China’s embassy said the project had gifted Vanuatu “another landmark building”, while symbolising a new “milestone” in their increasingly warm relationship.
China is “committed to developing friendly cooperation with Pacific island countries”, including Vanuatu, foreign ministry spokeswoman Mao Ning told reporters in Beijing. Vanuatu’s Finance Minister John Salong praised the project, saying it would house public servants currently scattered in spaces across Port Vila, and would allow the government to save huge sums of money which it currently spent on rent.
‘Friends to all’
China has funded a series of high-profile infrastructure projects in recent years as it builds influence in the Pacific — including a new stadium for Solomon Islands ahead of the Pacific Games last year.
Pacific politics expert Tess Newton Cain said Vanuatu’s presidential palace, which is also expected to host government ministries, reflected China’s tendency to fund larger and more visible infrastructure projects.
“It also speaks to China’s willingness to support projects that enhance the status or the physical comfort of [leaders] in Pacific Island countries,” she said.
“China’s kind of persona in this development space is to be able to respond very nimbly and promptly to these sorts of requests that if were taken to other agencies … might take longer or require more negotiation or more discussions.
“What China gets out of it is that Vanuatu leaders are prepared to stand there and cut ribbons and say, ‘China is a great friend to our country.'”
However Dr Newton Cain said the Pacific Island nation maintained a non-aligned status, summarised in its foreign policy saying “friends to all, enemies to none” and emphasised in its new foreign policy paper.
“The fact that they say ‘China is a great friend to our country’ does not mean that they suddenly don’t think that Australia is a great friend to their country.”
‘We should be prepared’
The opening of the sprawling presidential palace has also revived concerns that Vanuatu has received more infrastructure its government can’t always afford to maintain. In 2018 China funded a large new campus for Malapoa College, a major school in Port Vila, but later said it was too large for the school’s needs.
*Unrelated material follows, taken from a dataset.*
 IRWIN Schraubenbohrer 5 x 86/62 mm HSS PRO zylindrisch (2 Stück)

The National Convention Centre, which fell into disrepair after it was handed over in 2016, is run by a local Chinese company after the Vanuatu government said it was unable to fund its upkeep.
Australian officials have been monitoring the development of the presidential palace and government office complex closely. One government source told the ABC that Australia remained concerned about the way China has ploughed money into high profile projects without funding upkeep afterwards.
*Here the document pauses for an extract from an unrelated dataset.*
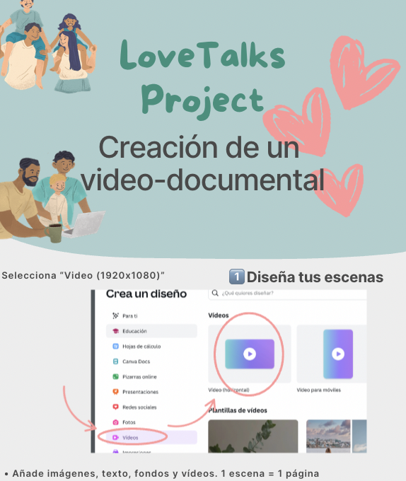 Infografía para guiar al alumnado en la creación de un video-documental a través de Canva video.

They also suggested the project offered China opportunities for surveillance and intelligence gathering in Vanuatu, although they declined to say whether Australia had hard evidence of that. Researcher Andrew Wilbur Napuat, who studies the benefits of donor funded projects, said the government needs to carefully plan ahead before accepting big donor projects.
“That is something that the Vanuatu government should consider, we must be prepared to maintain any facilities or any project that is given by any aid from any country,” he said.
But Mr Napuat said his research showed Chinese aid projects in Vanuatu benefited its communities, particularly new roads in the archipelago’s outer islands.